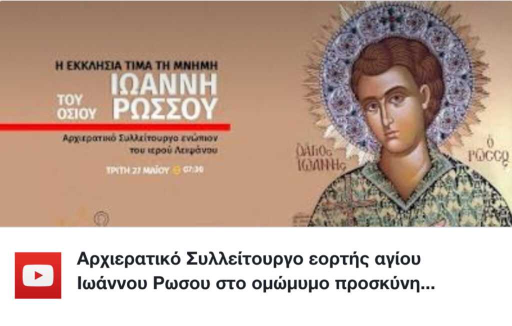 Μπορείτε να παρακολουθήσετε το σύνολο των ιερών ακολουθιών και τη λιτανεία, επιλέγοντας τον σύνδεσμο: Αρχιερατικό Συλλείτουργο εορτής αγίου Ιωάννου Ρωσου στο ομώμυμο προσκύνημα της Εύβοιας
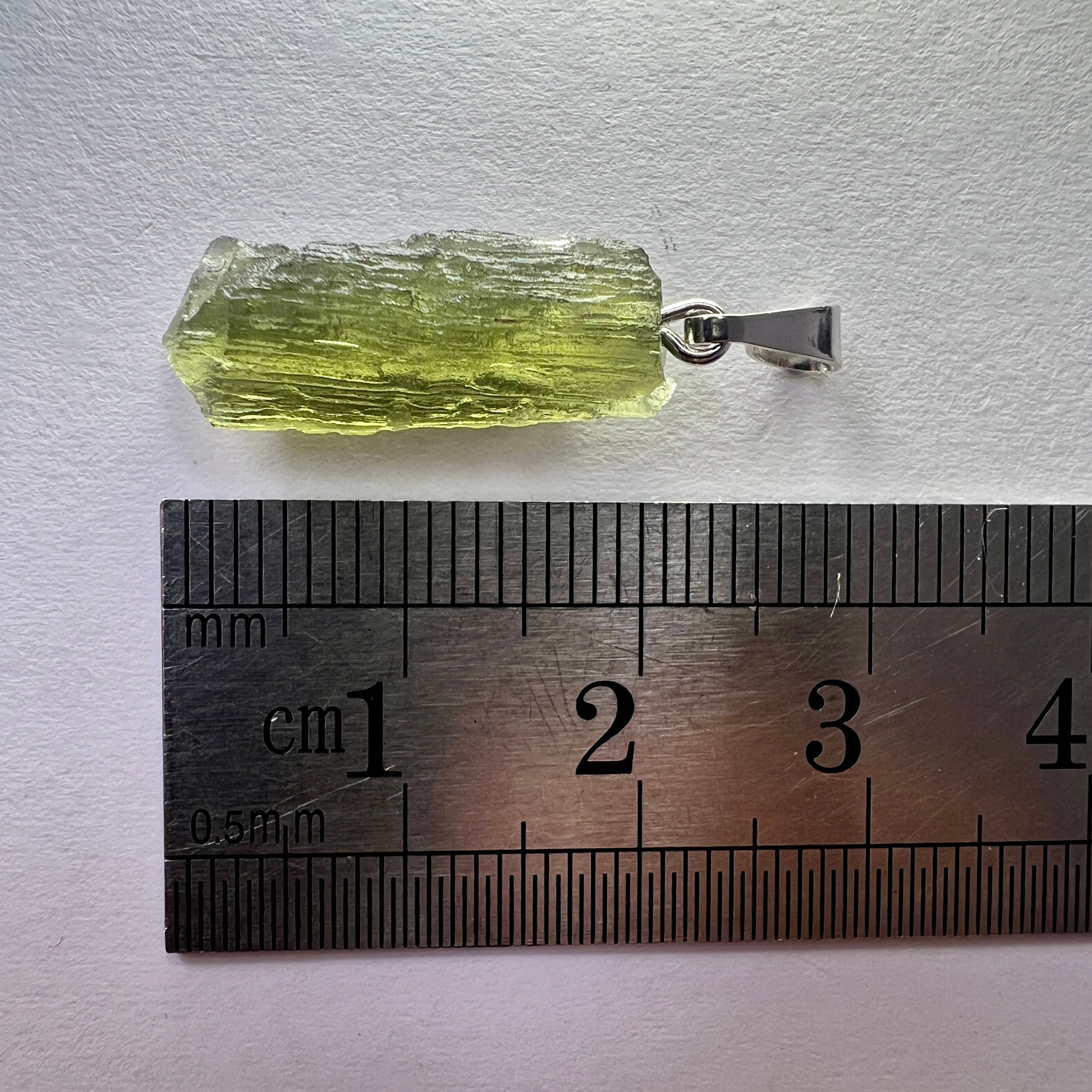 Tiny Moldavite pendant featuring a genuine, whole and undamaged Moldavite specimen. Not a chip or a fragment of a larger piece. Total weight including setting : 1.38g
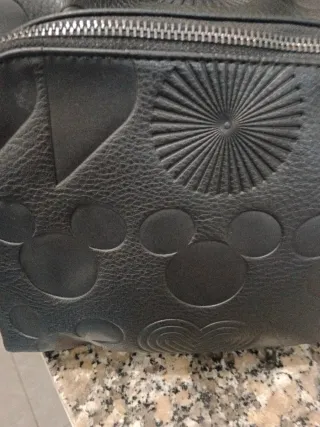 Mochila Desigual con diseño de Mickey Mouse, ideal para añadir un toque divertido a tu estilo. - Confeccionada en tejido vaquero y detalles en piel sintética. - Adornada con tachuelas plateadas. - Cierre de cremallera. - Incluye etiqueta.
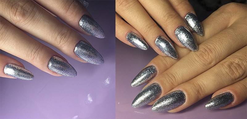 - Возможность создать роскошный маникюр с минимумом усилий на ногтях любой длины и формы. «Слюдяные» гель-лаки чудесно смотрятся как на на коротких натуральных, так и на нарощенных ( или ). В носке они не тускнеет и не скалывается, цветовая составляющая не выгорает, а плотное мерцание не мутнеет даже при контактах с бытовой химией.
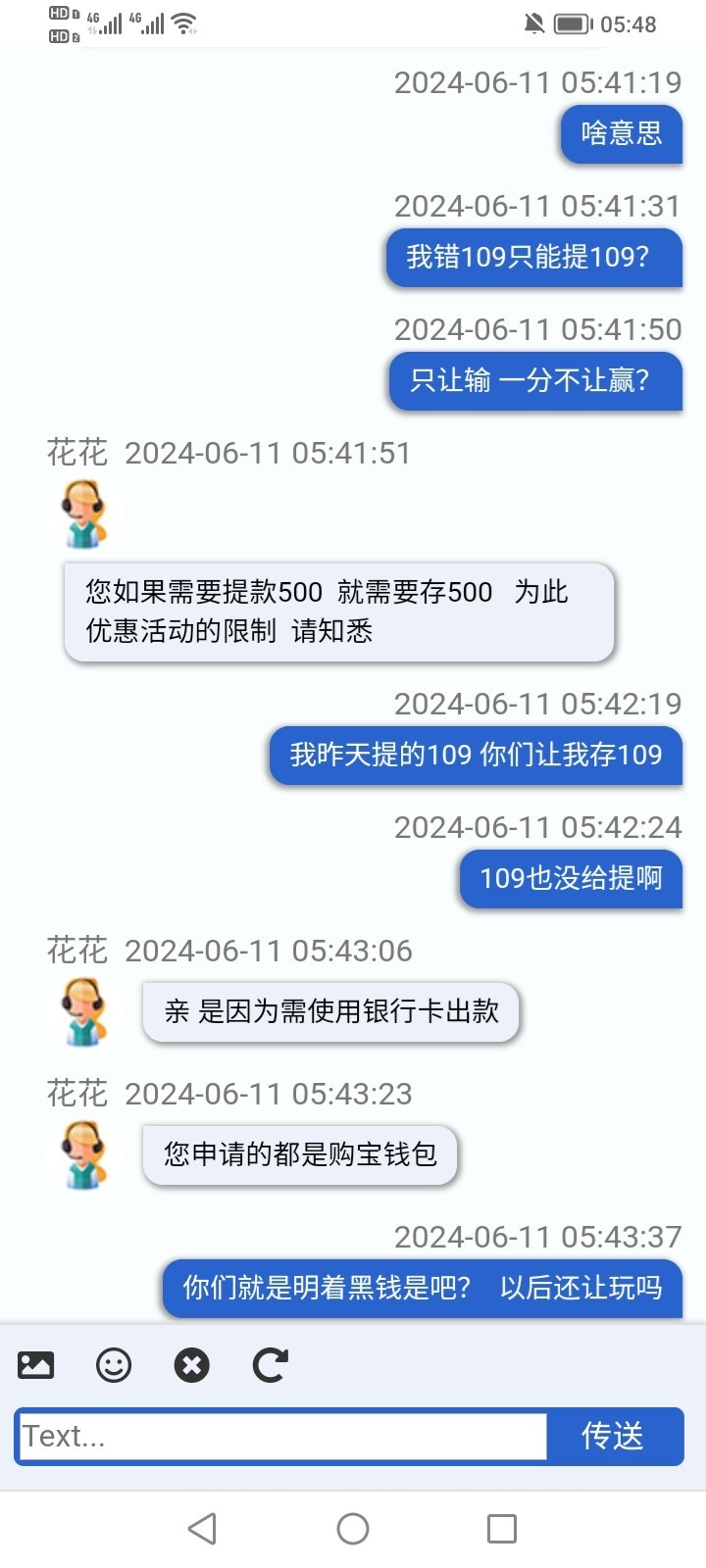 打电话送18 提款109 不让提  说让充109才能提  充值以后还是不让提 又让提供手持身份证 提供了也不让提又说只能提银行卡   银行卡最低500提  打到500也不让提  说我存款109只能提109 畜牲  合着我只能输一分不能赢
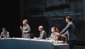 Ergänzt wird das Stück durch den Text von Derya Türkmens Erzählung OPAS HEIMAT. OPAS HEIMAT wiederum ist die Geschichte einer türkischen Familie, die seit über fünf Jahrzehnten in Deutschland lebt und von diesem Potsdamer Treffen direkt betroffen sind. Das trifft auf viele Millionen Menschen mit Migrationshintergrund zu, die in Deutschland ihre Heimat gefunden haben. Es sind also zwei Geschichten, zusammengeführt zu einem Theaterstück, das Millionen Menschen in Deutschland betrifft.
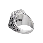 This Maltese Cross Shank Ring features an intricate 18k gold filigree design, with 925 Sterling Silver. This unisex ring is a blend of timeless artistry and refined sophistication, perfect for adding a subtle yet striking touch to any ensemble.s This ring has a comfortable tapered back, making it ideal for everyday wear.
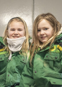 Kjekt i fjøset: Alice (t.v.) og Tiril synest det har kjekt i fjøset etter at dei fekk mjølkekyr. Kua Lily og kviga Skittle er Tiril sine favorittar, medan Alice har Bambi (bilete) og kalven Mais som sine. – Det er måten dei oppfører seg på, seier ho. Jentene er med å gir dyra mjøl, kostar inntil fôret, måker ut or båsane og strør. Og Tiril har funne ut korleis ho skal flykte unna når dei blir for pågåande. – Eg måtte hoppa i vindauget, seier ho.
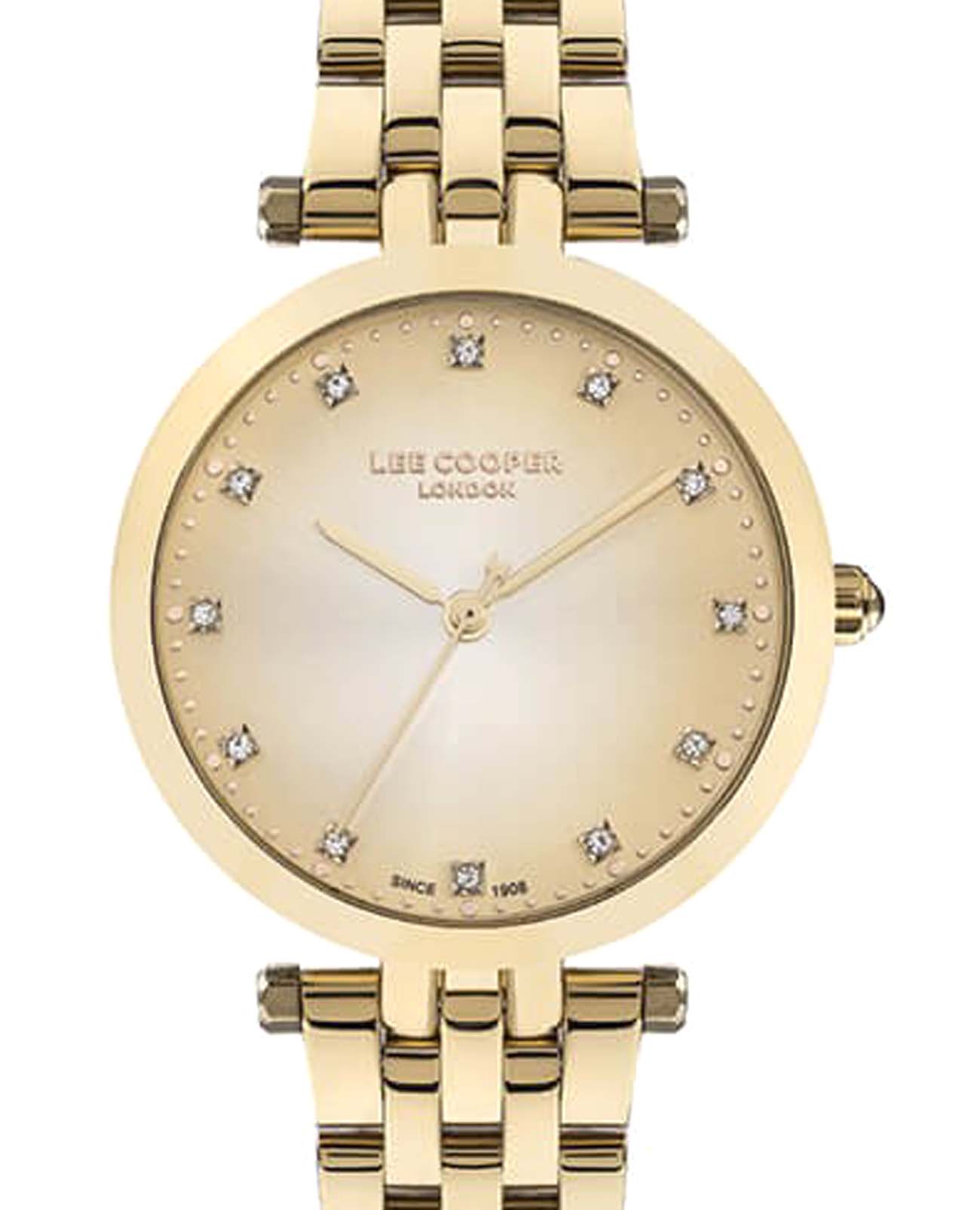Женские наручные часы Lee Cooper LC07411.110 — это элегантная модель с утончённым дизайном. Корпус диаметром 34 мм выполнен из суперметалла с IP-покрытиемIP-покрытиеМетод ионного напыления. Демонстрирует повышенную устойчивость к истиранию, окислению и химическим веществам. Под воздействием высокого давления и температуры около 1500°C молекулы металла надёжно соединяются с частицами корпуса часов., что придаёт часам изысканный вид. Золотистый циферблат украшен изящными вставками из кристаллов и стрелками, обеспечивая удобное считывание времени. Циферблат защищён минеральным стекломМинеральное стеклоМинеральное стекло представляет собой искусственно выращенный минерал кварца. Такое стекло отличается особой устойчивостью к повреждениям и царапинам. Уступает по некоторым качествам сапфировому стеклу., устойчивым к царапинам. Часы работают на кварцевом механизме, обеспечивая точность хода. Браслет из нержавеющей стали с раскладной застёжкойРаскладная застёжкаТакой тип застёжки используется только на браслетах из металла. Она никогда не раскрывается полностью, происходит разделение на 2 и более частей. Раскладывающая застёжка снизит вероятность потери часов к минимуму. гарантирует комфортное ношение и надёжную фиксацию на запястье. Водозащита 30 метров защищает часы от случайных брызг и дождя, делая их подходящими для повседневного использования.
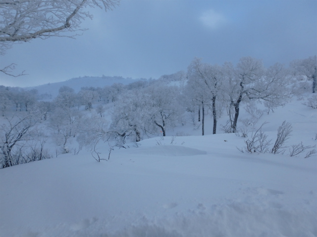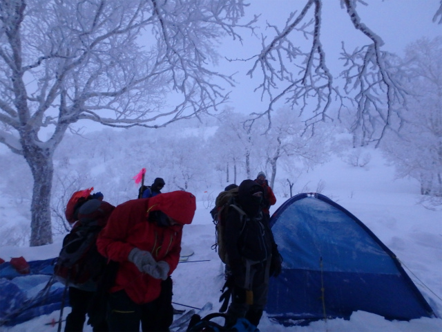 大雪で街中は大渋滞、諸々ハプニングもありながら、国際スキー場に2P、11名が集合しました。新人は二人、ツアー入門のフォローでゴンドラの終点駅から泊装備を背負いましたが、わずか20分ほどでサイト予定地に到着しました。朝里岳の手前1,120m地点です。
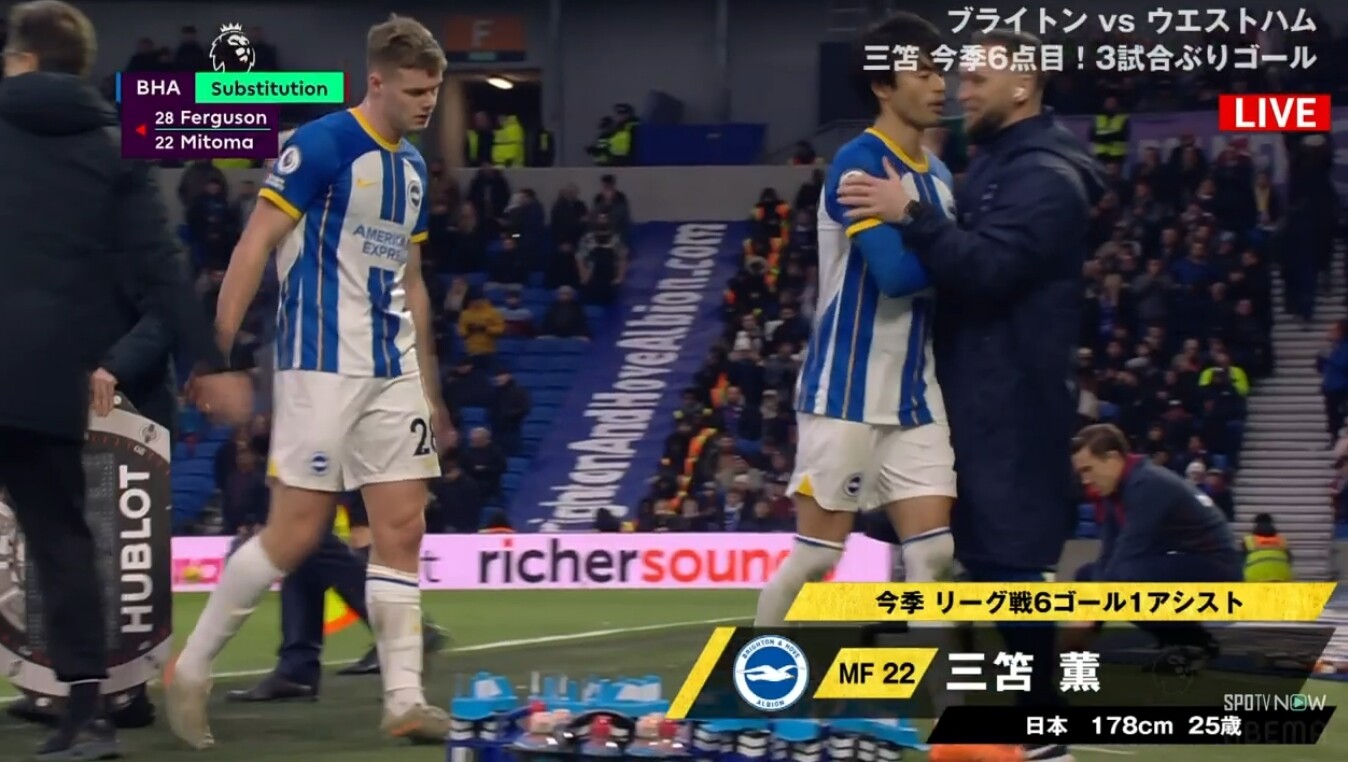 三笘薫が1か月ぶりの今季8点目&PKゲットの大活躍!指揮官不在で臨んだブライトンはウェストハムを4発粉砕
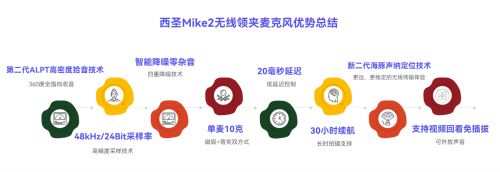 市面上普通麦克风的DSP芯片通常采用定点数计算,基本上采用16位或24位定点数计算处理信号,存在精度、动态范围受限,算法灵活性和计算效率低等弊端,严重影响音频质量。西圣Mike Pro采用比前代产品更高的32位浮点数计算的DSP,搭配48kHz采样率的加强版全指向AI感知麦克风,通过多重降噪算法模型,声音清晰度达98%、抗噪性达96%,音频体验真实、清晰、平衡,如同现场live。其信噪比105dB、采样率48kHz、延时20ms,连接稳定性、距离和续航时间等核心技术,与行业诸多竞品相比,只有它做到清晰度提升120%,收音效率提升105%,抗干扰能力提升130%,行业唯一不存在收音间断、忽强忽弱,且可靠耐用性在行业内首屈一指!获多项“行业领先”综合收音性能,堪称千元内最强。
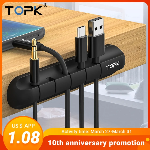 TOPK USB Cable Organizer Protector Office Cable Management Holder Winder Clip for Headphone Mouse Earphone Wire Keyboard Cord
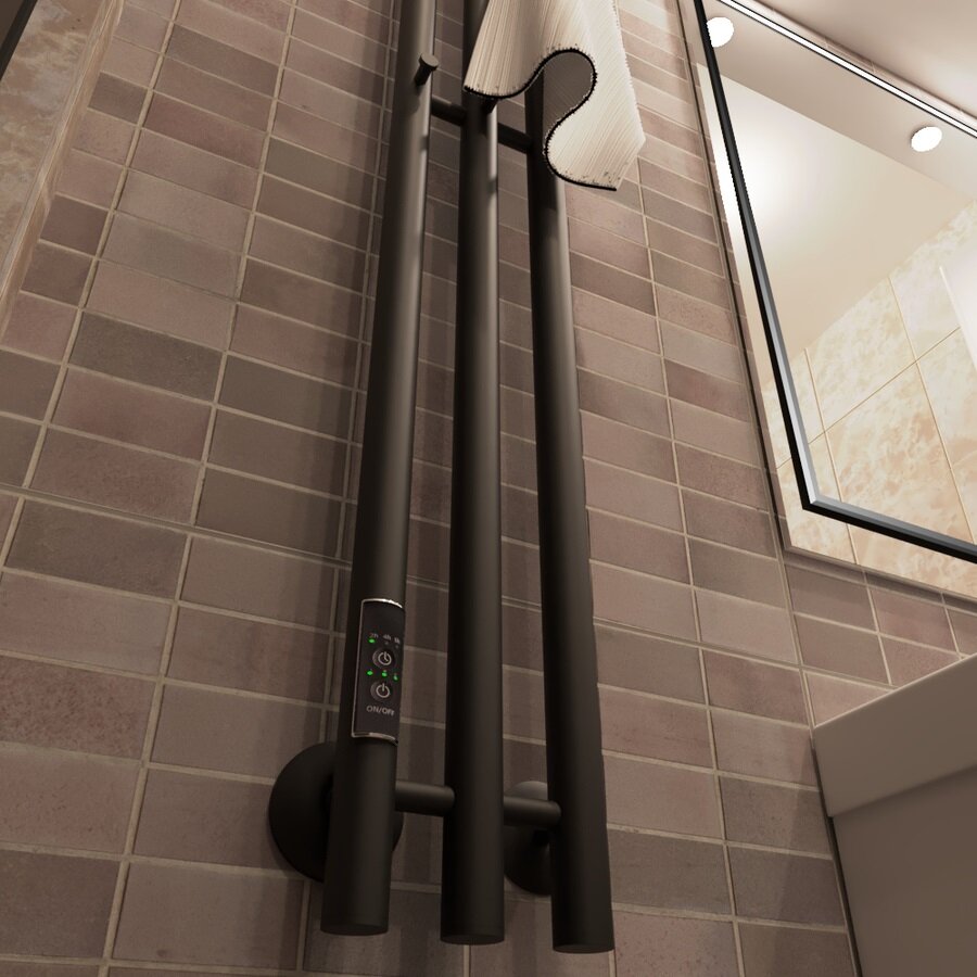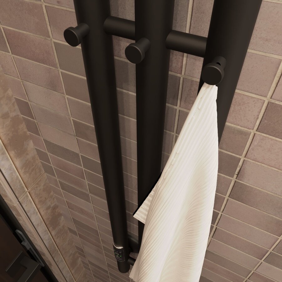 Полотенцесушитель электрический Маргроид 1200мм 150мм черный матовый скрытый монтаж/шнур с вилкой, с таймером, 3 крючка, правое подключение

▶ **About this exercise**
Starting with the opening line of the listing, write out each line exactly until the line that contains "Ergänzt wird das" has been included; skip the pictures.

▶ **Answer box**
 Μπορείτε να παρακολουθήσετε το σύνολο των ιερών ακολουθιών και τη λιτανεία, επιλέγοντας τον σύνδεσμο: Αρχιερατικό Συλλείτουργο εορτής αγίου Ιωάννου Ρωσου στο ομώμυμο προσκύνημα της Εύβοιας
 Tiny Moldavite pendant featuring a genuine, whole and undamaged Moldavite specimen. Not a chip or a fragment of a larger piece. Total weight including setting : 1.38g
 Mochila Desigual con diseño de Mickey Mouse, ideal para añadir un toque divertido a tu estilo. - Confeccionada en tejido vaquero y detalles en piel sintética. - Adornada con tachuelas plateadas. - Cierre de cremallera. - Incluye etiqueta.
 - Возможность создать роскошный маникюр с минимумом усилий на ногтях любой длины и формы. «Слюдяные» гель-лаки чудесно смотрятся как на на коротких натуральных, так и на нарощенных ( или ). В носке они не тускнеет и не скалывается, цветовая составляющая не выгорает, а плотное мерцание не мутнеет даже при контактах с бытовой химией.
 打电话送18 提款109 不让提  说让充109才能提  充值以后还是不让提 又让提供手持身份证 提供了也不让提又说只能提银行卡   银行卡最低500提  打到500也不让提  说我存款109只能提109 畜牲  合着我只能输一分不能赢
 Ergänzt wird das Stück durch den Text von Derya Türkmens Erzählung OPAS HEIMAT. OPAS HEIMAT wiederum ist die Geschichte einer türkischen Familie, die seit über fünf Jahrzehnten in Deutschland lebt und von diesem Potsdamer Treffen direkt betroffen sind. Das trifft auf viele Millionen Menschen mit Migrationshintergrund zu, die in Deutschland ihre Heimat gefunden haben. Es sind also zwei Geschichten, zusammengeführt zu einem Theaterstück, das Millionen Menschen in Deutschland betrifft.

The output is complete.